As you just heard on our roundtable, Mexico's president, Vicente Fox, responded publicly for the first time to allegations of racism based on comments he made about Mexicans and African-Americans. Fox made his comments just days before voters in Los Angeles elected the city's first Latino mayor in over 100 years. Commentator Todd Boyd believes these two events could mark the beginning of a major transition in the relationship between African-Americans and Latinos.
What was striking about Villaraigosa's victory was his ability to pick up the votes of many African-Americans who had voted overwhelmingly for his opponent, departing Mayor Jim Hahn, in the 2001 election. I'm still trying to figure out what it was about Vicente Fox's comments that offended people.
As a native of one of this nation's blackest cities, Detroit, and now a longtime resident of the City of Angels, where Latinos make up the majority, I've seen firsthand the evidence of Fox's truth.
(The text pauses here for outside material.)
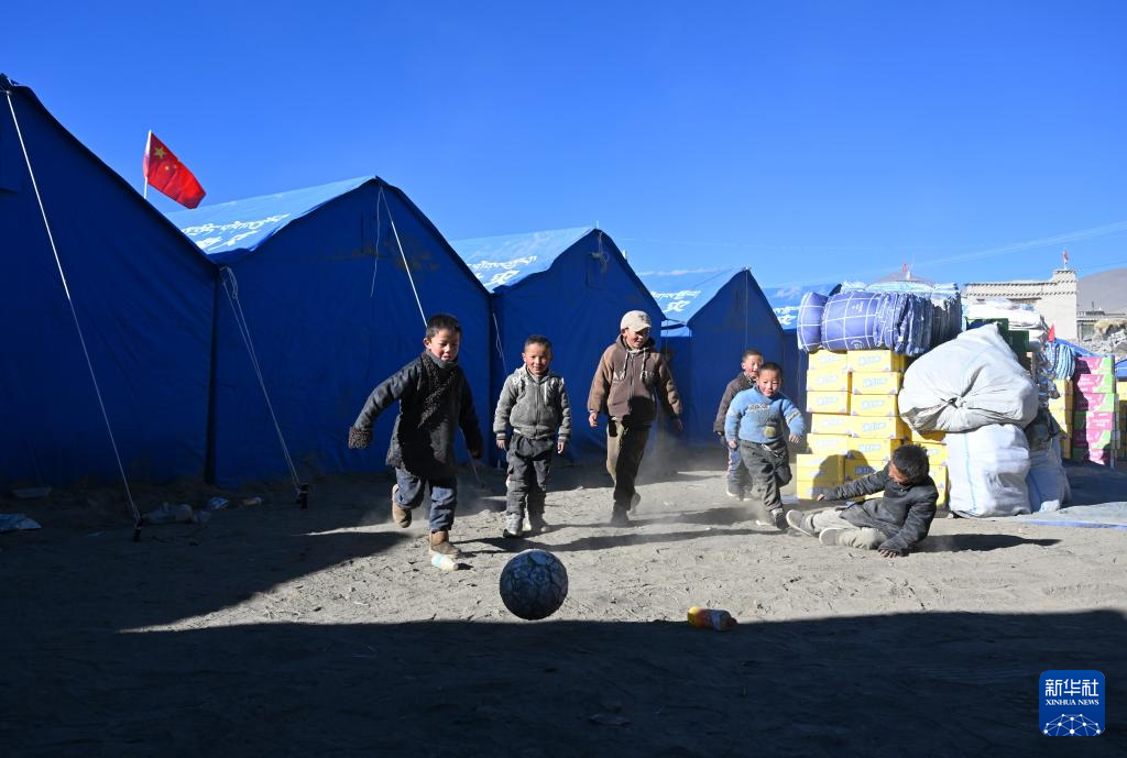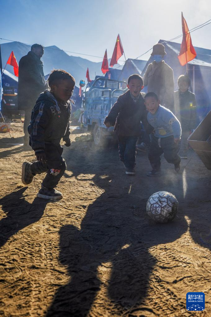 1月11日,小朋友在普村安置點踢球。新華社記者 李響 攝

It makes perfect sense to me that after all the years of struggle African-Americans have experienced in this country someone decided that they're tired of doing all the dirty work. It also makes sense that Latino immigrants would rush to fill this void.
America has a long tradition of trading up. As people assimilate into the mainstream, they're less likely to desire work that still defines them as being at the bottom. Immigrants gladly fill in the blanks as this allows them a chance to eventually move into the mainstream themselves. Fox kept it real. Maybe his words bespeak a truth that some people don't want to acknowledge, but it is no less truthful.
In Los Angeles, many older African-Americans expressed both publicly and privately that they were concerned about voting for Villaraigosa because they felt that he would only engender policies favorable to Latinos. When are we going to wake up? It seems that some African-Americans have become quite comfortable in their status as America's ultimate victims. It's as though no one can ever be at the bottom because this is our spot. Thoughts like this are depressing to say the least. And this competition for the bottom is one that I want no part of. There is no pride in being able to say that I am worse off than you. Instead of fighting for the lowest rung of the ladder, maybe people should use these recent events as an opportunity for identity adjustment and coalition building across race.
One of the dangers of unconscious assimilation is to employ some of the same thoughts that were once used against you towards others. This is simply the same old soup reheated and I, for one, don't like the taste of leftovers.
GORDON: Todd Boyd is also known as the Notorious PhD. He's a media commentator, author and professor of critical studies in the USC School of Cinema and Television.